DATASET ENTRIES section start

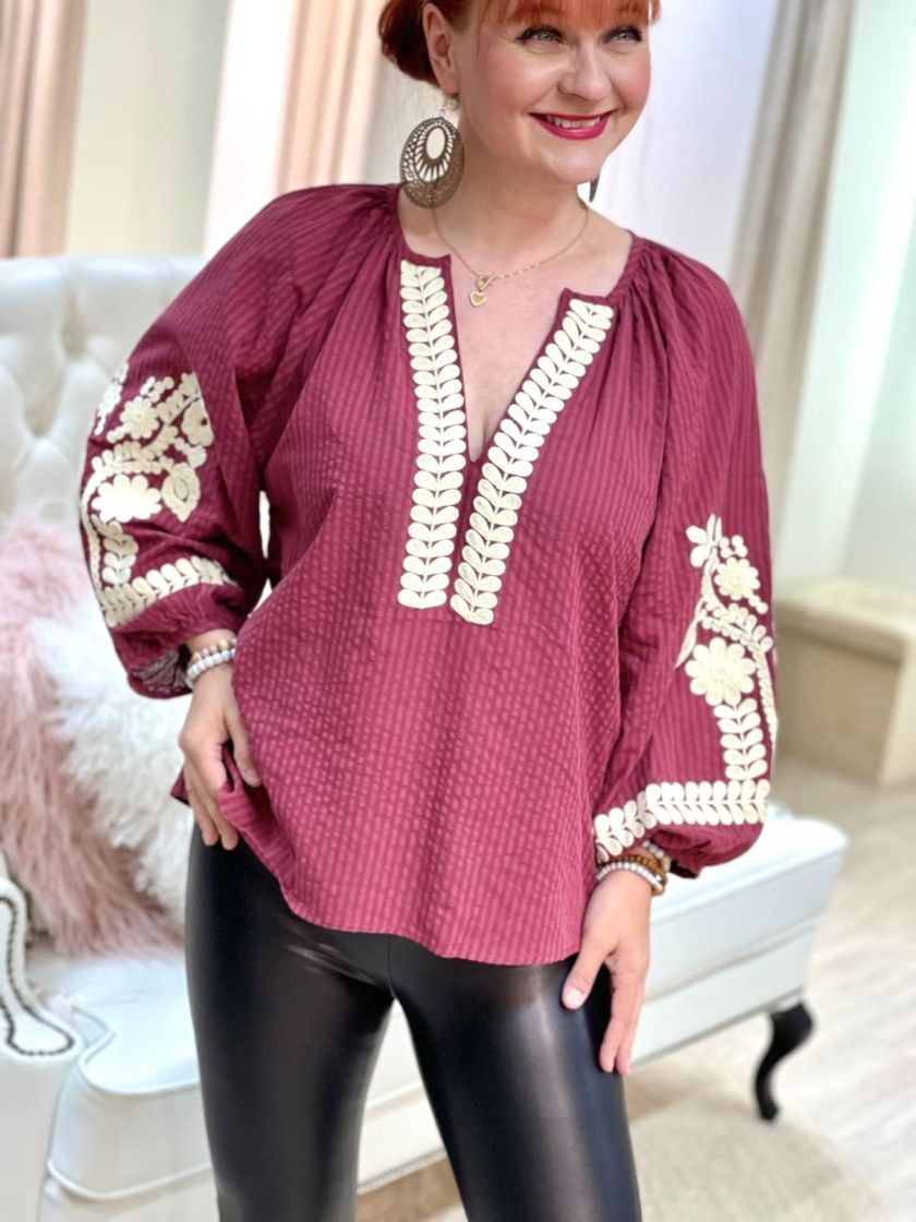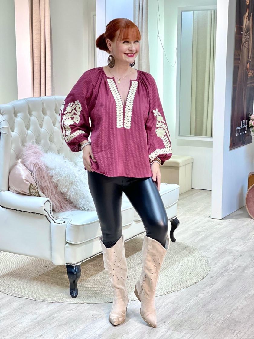 New Collection kevyt ja ohut puuvillapusero. Mallissa on reilut pussihihat raglanmallilla ja kankaassa kiva raidoitus. Puserossa on makeat bohohenkiset koristelut ja avoin pääntie. Malli on väljä ja reilu.
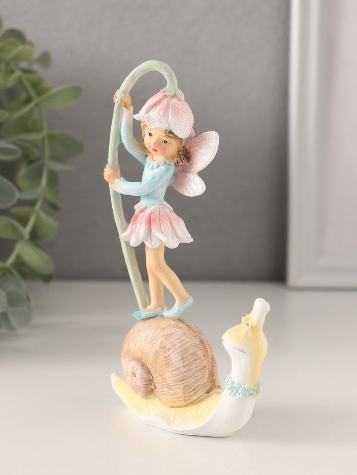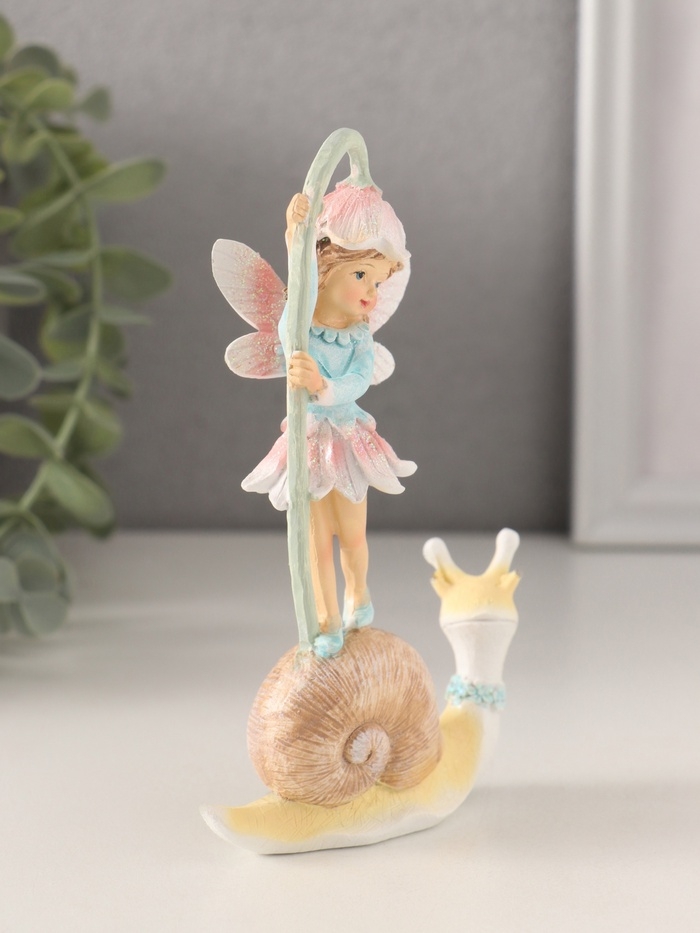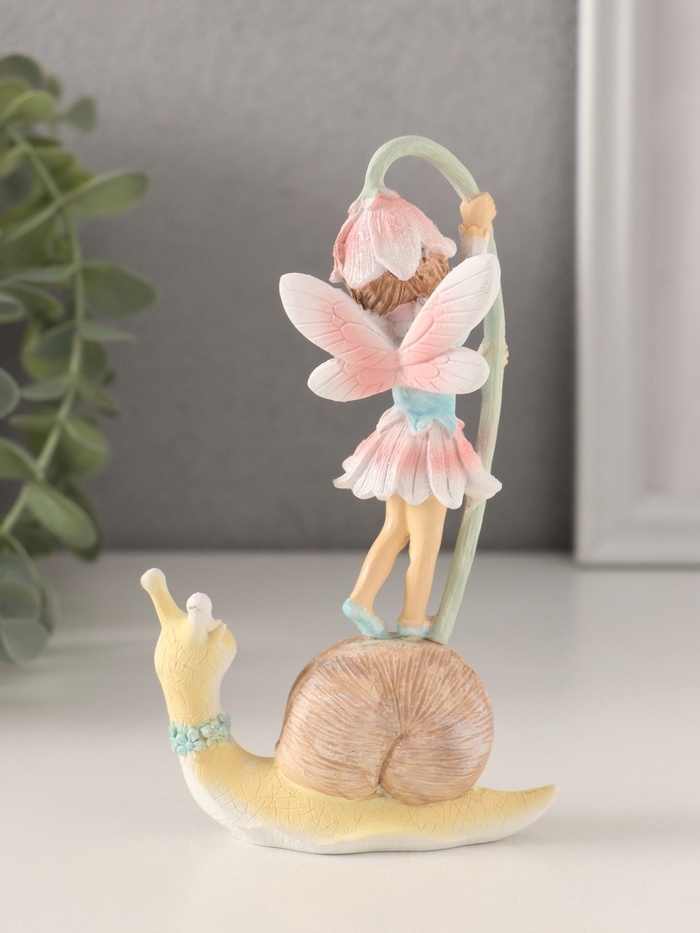 Сувенир полистоун "Девочка-фея на улитке с колокольчиком" 8х3,5х13,5 см
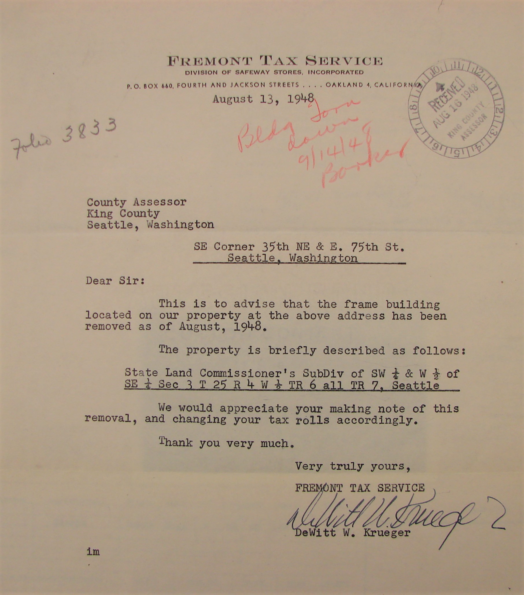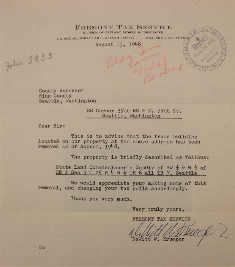 Safeway letter for old barn torn down in 1948
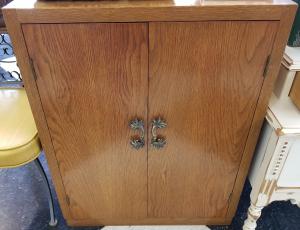 THIS ITEM HAS BEEN MARKED AS SOLD Description: Cabinet w/ double doors w/ 2 drawers inside. Marked by maker on the back. "One of a kind". Closes nicely. I restored the 2 front doors as there were streaks on the fronts. Sweet hardware. 2 drawers inside add extra storage.
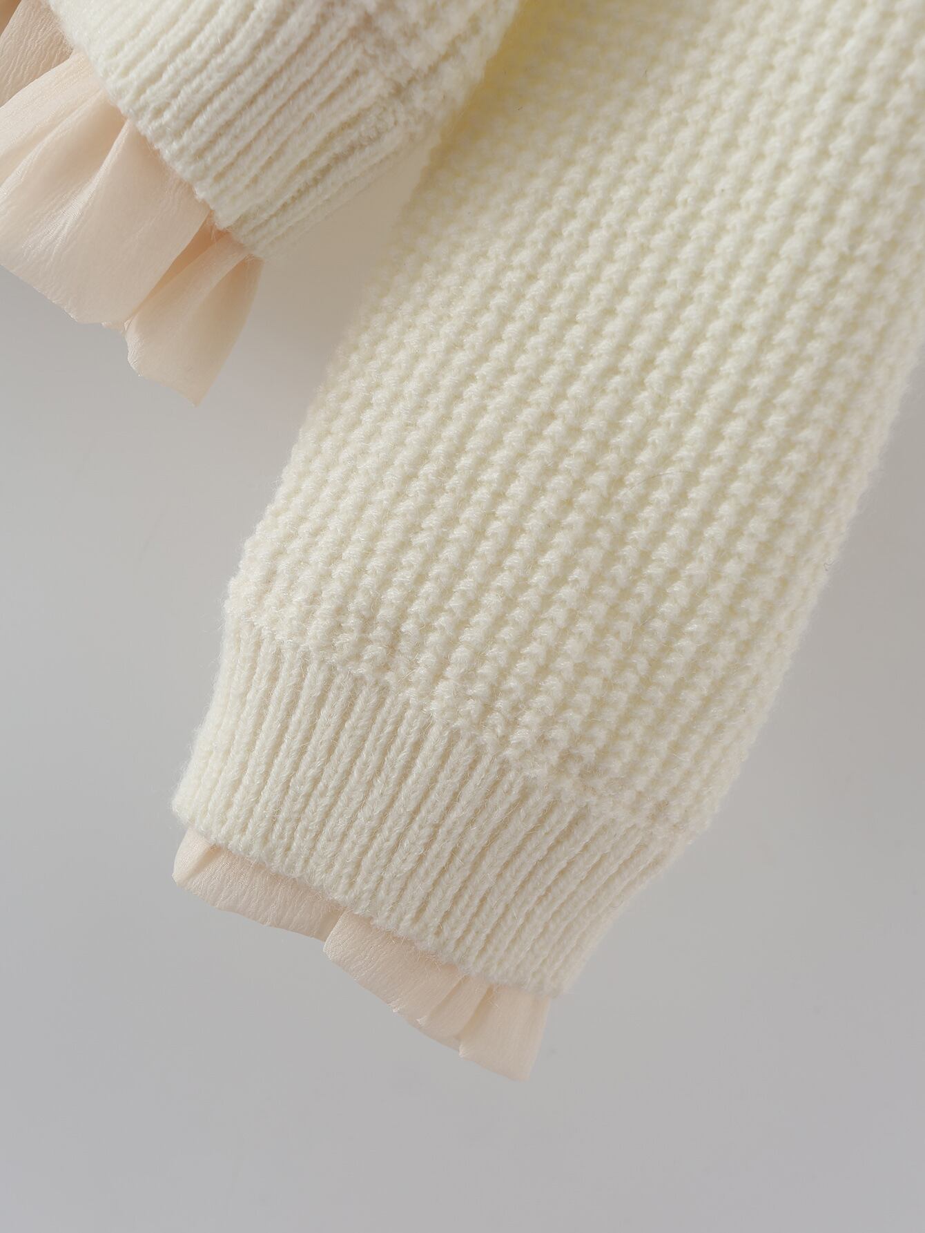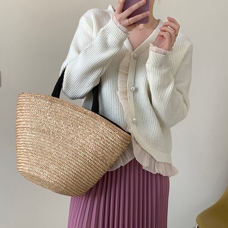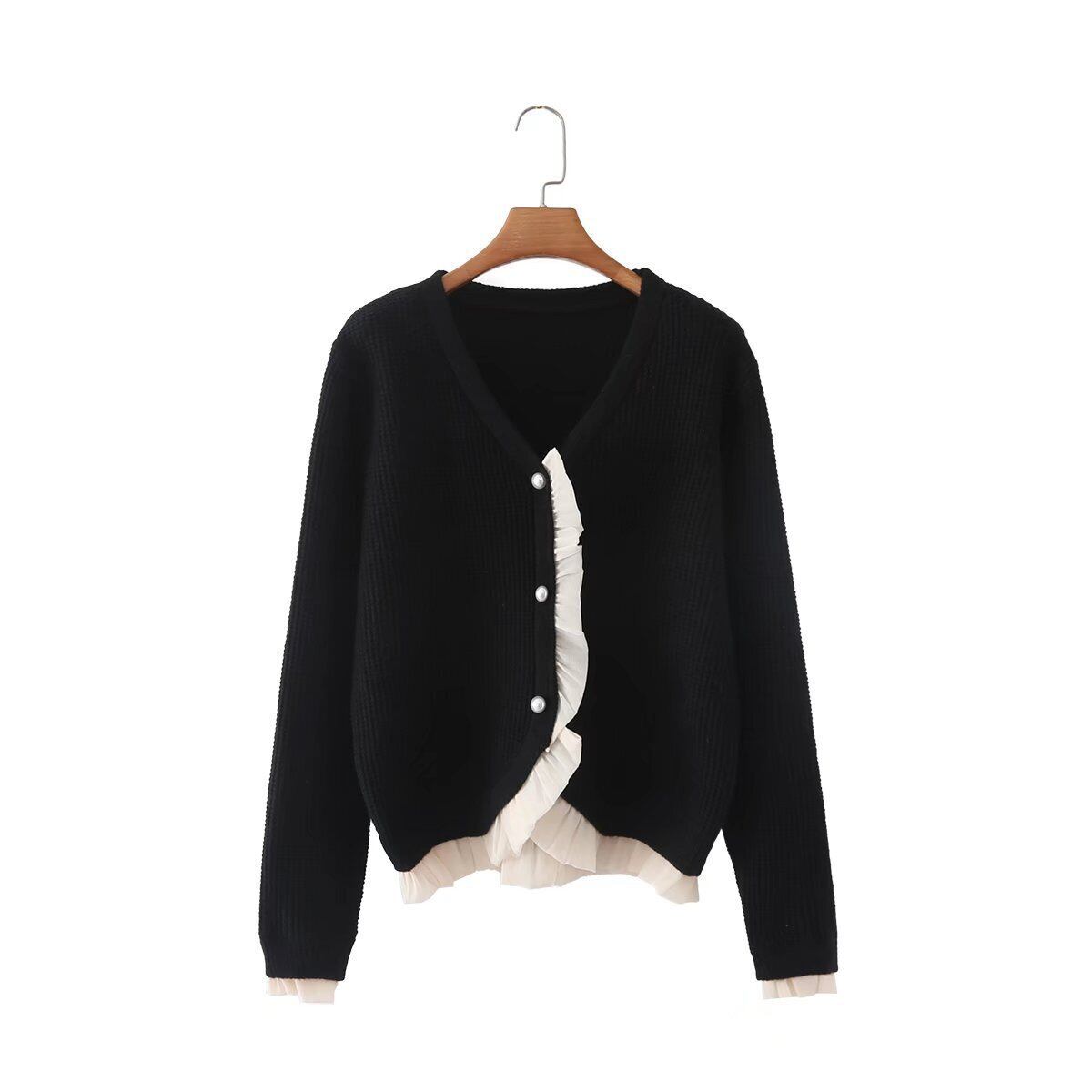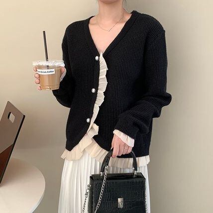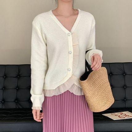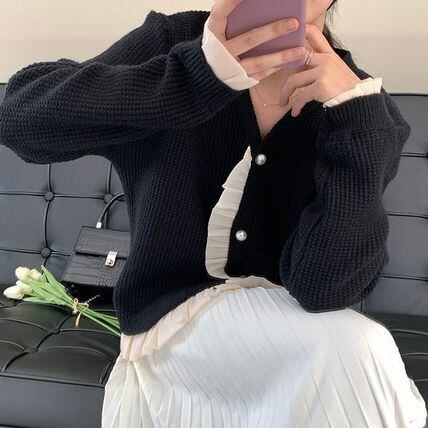 カーディガン レディース トップス 袖あり 長袖 Vネック 無地 ワッフル フリル リブ パールボタン ワントーン レトロ ショート丈 バブルスリーブ かわいい 大人可愛い シンプル カジュアル 大人 おしゃれ アジアン 大人女子 こなれ感 キュート 柄 春 秋 10代 20代 30代 オフィス ビジネス OL 通勤 デート お出かけ 普段使い ワンサイズ ホワイト ブラック
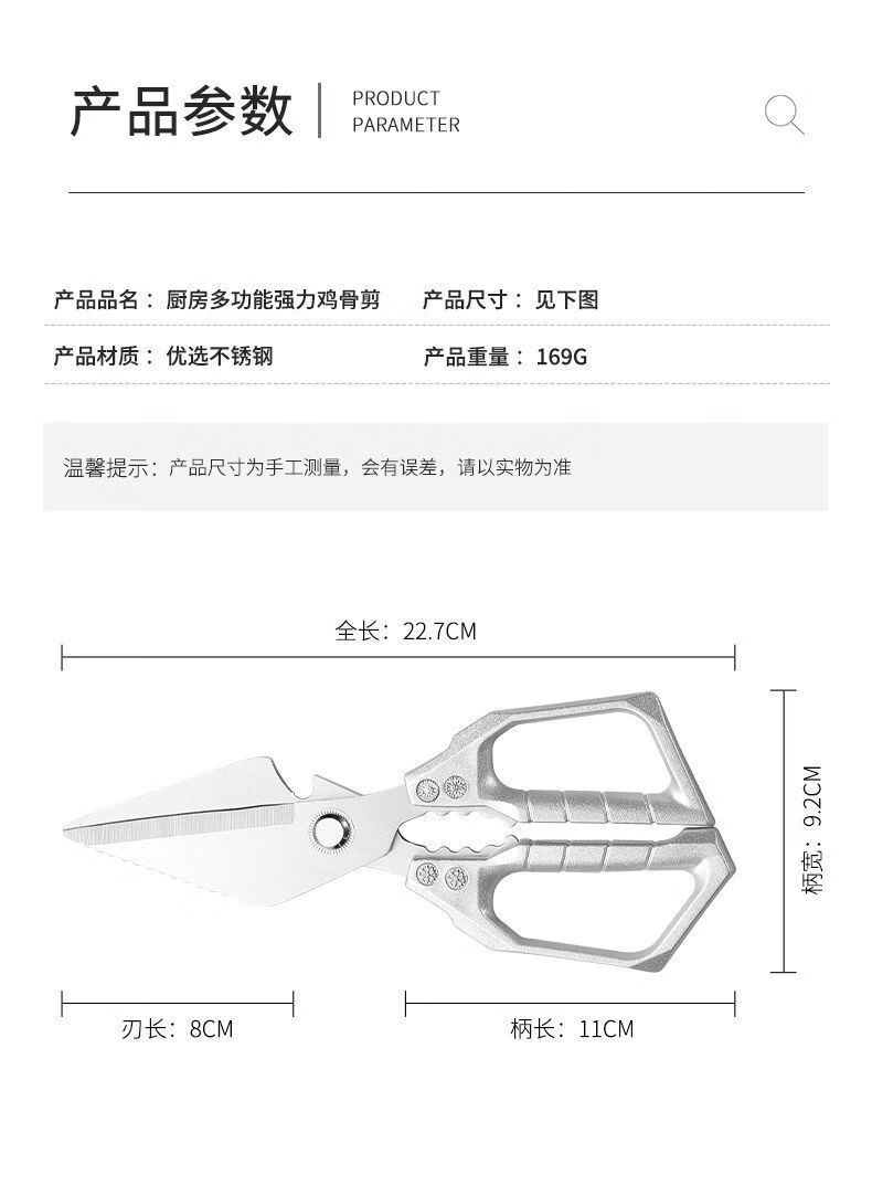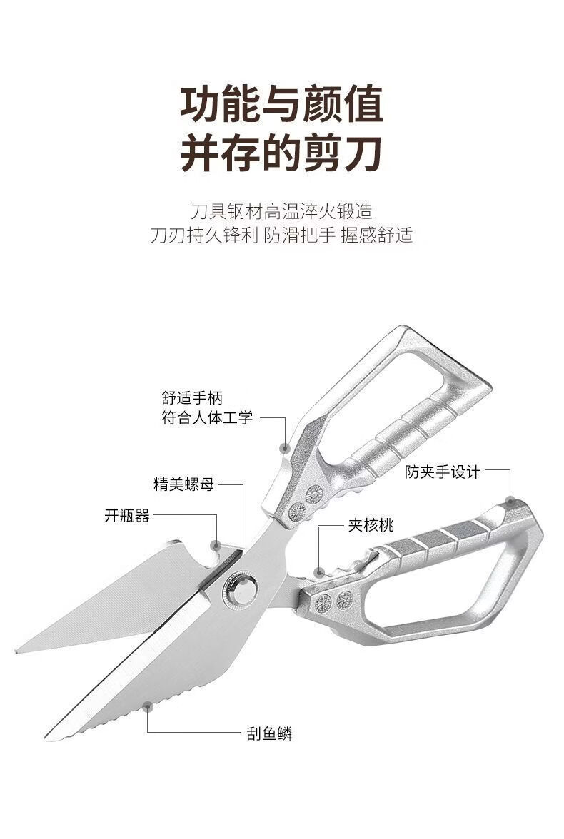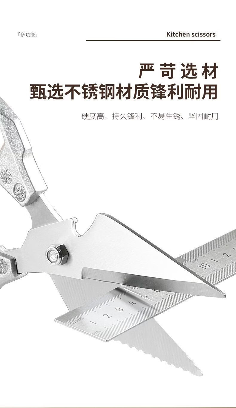 强力锋利鸡骨剪加厚不锈钢家用多功能骨头剪厨房专用烤肉杀鱼剪子 【德国S级品质】*(厨房必备)强力鸡骨剪
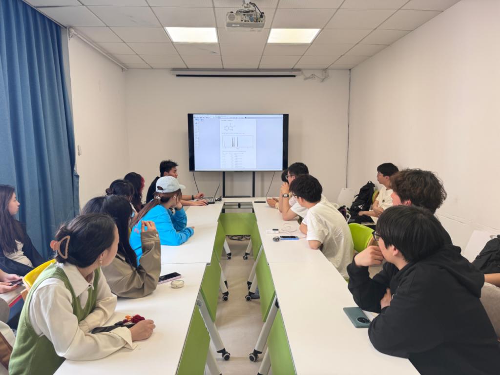 练习环节,学生们迅速投入,面对复杂有机分子绘制任务,起初眉头紧蹙,随着 ChemDraw 操作渐熟、大胆尝试 AI 助力,困惑转为专注。小组交流时,思维碰撞出火花,这个 AI 预测功能太绝了,帮我搞定难画的杂环”“用模板改改这里,结构更完美等讨论声此起彼伏,分享代表上台时自信满满,交流经验、提出疑问,形成良好学习闭环。
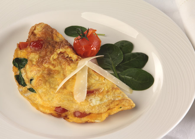 Die Eier aufschlagen, verrühren und salzen, in eine heiße Pfanne mit Butter gießen. Tomaten und Blattspinat nach Belieben beigeben, Parmesan hinzufügen. Wenn das Omelette fast durch ist zusammen klappen und servieren. Mit Parmesan bestreuen, mit Hanföl/Leinöl dezent beträufeln.
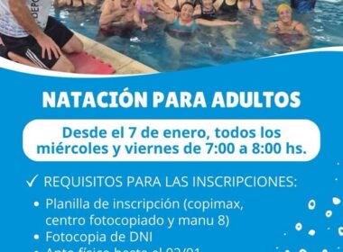 A través de la Dirección de Deportes se informa que se encuentran abiertas las inscripciones para las clases de Natación para Adultos con profesor, que comenzarán el 7 de enero en el Natatorio Municipal de San Antonio Oeste.
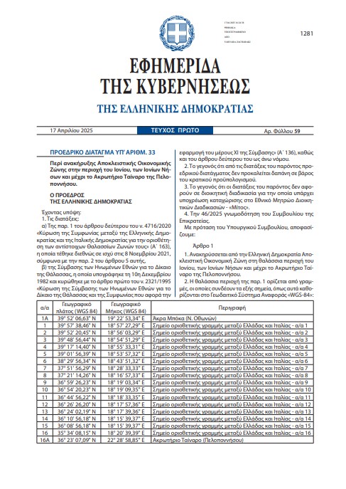 Όπως σημειώνεται συγκεκριμένα στο Προεδρικό Διάταγμα υπ’ αριθμ. 33, «ανακηρύσσεται από την Ελληνική Δημοκρατία Αποκλειστική Οικονομική Ζώνη στη θαλάσσια περιοχή του Ιονίου, των Ιονίων Νήσων και μέχρι το Ακρωτήριο Ταίναρο της Πελοποννήσου», με βάση τις σχετικές διατάξεις της ελληνοϊταλικής συμφωνίας του 2020 και της Σύμβαση των Ηνωμένων Εθνών για το Δίκαιο της Θάλασσας.
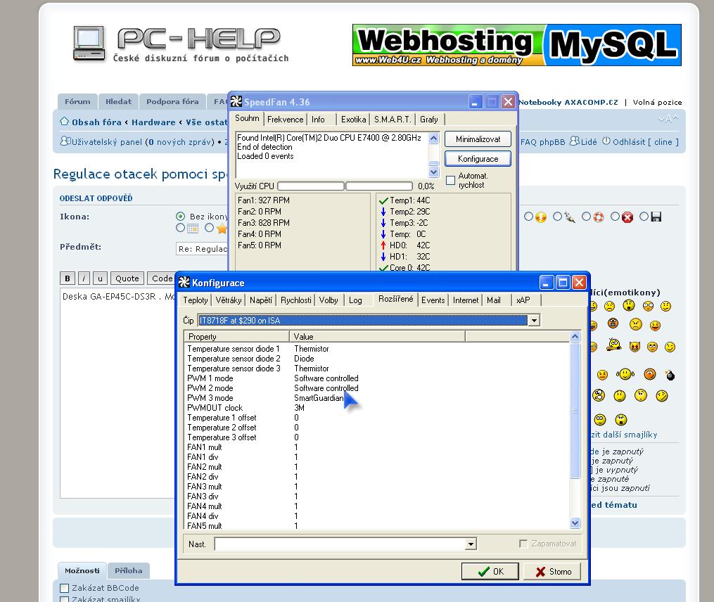 No rano sem jeste cetl par clanku o speedfanu a kdyz nic nezabiralo tak sem si spomel ze tam psali neco o PWM 1,2,3, tak sem tak zkusil neco zmenit a ztichlo to. Akorat nevim proc to nejde regulovat hned na te uvodni strance jak tam sou Speed 01,02,03, kdyz tohle menim tak se nic nedeje

DATASET ENTRIES section end

▶ **TO DO**
From the records above, copy only the lines running from the line holding "强力锋利鸡骨剪加厚不锈钢家用" through the line holding "Όπως σημειώνεται συγκεκριμένα", with no pictures.

▶ **RESPONSE AREA**
 强力锋利鸡骨剪加厚不锈钢家用多功能骨头剪厨房专用烤肉杀鱼剪子 【德国S级品质】*(厨房必备)强力鸡骨剪
 练习环节,学生们迅速投入,面对复杂有机分子绘制任务,起初眉头紧蹙,随着 ChemDraw 操作渐熟、大胆尝试 AI 助力,困惑转为专注。小组交流时,思维碰撞出火花,这个 AI 预测功能太绝了,帮我搞定难画的杂环”“用模板改改这里,结构更完美等讨论声此起彼伏,分享代表上台时自信满满,交流经验、提出疑问,形成良好学习闭环。
 Die Eier aufschlagen, verrühren und salzen, in eine heiße Pfanne mit Butter gießen. Tomaten und Blattspinat nach Belieben beigeben, Parmesan hinzufügen. Wenn das Omelette fast durch ist zusammen klappen und servieren. Mit Parmesan bestreuen, mit Hanföl/Leinöl dezent beträufeln.
 A través de la Dirección de Deportes se informa que se encuentran abiertas las inscripciones para las clases de Natación para Adultos con profesor, que comenzarán el 7 de enero en el Natatorio Municipal de San Antonio Oeste.
 Όπως σημειώνεται συγκεκριμένα στο Προεδρικό Διάταγμα υπ’ αριθμ. 33, «ανακηρύσσεται από την Ελληνική Δημοκρατία Αποκλειστική Οικονομική Ζώνη στη θαλάσσια περιοχή του Ιονίου, των Ιονίων Νήσων και μέχρι το Ακρωτήριο Ταίναρο της Πελοποννήσου», με βάση τις σχετικές διατάξεις της ελληνοϊταλικής συμφωνίας του 2020 και της Σύμβαση των Ηνωμένων Εθνών για το Δίκαιο της Θάλασσας.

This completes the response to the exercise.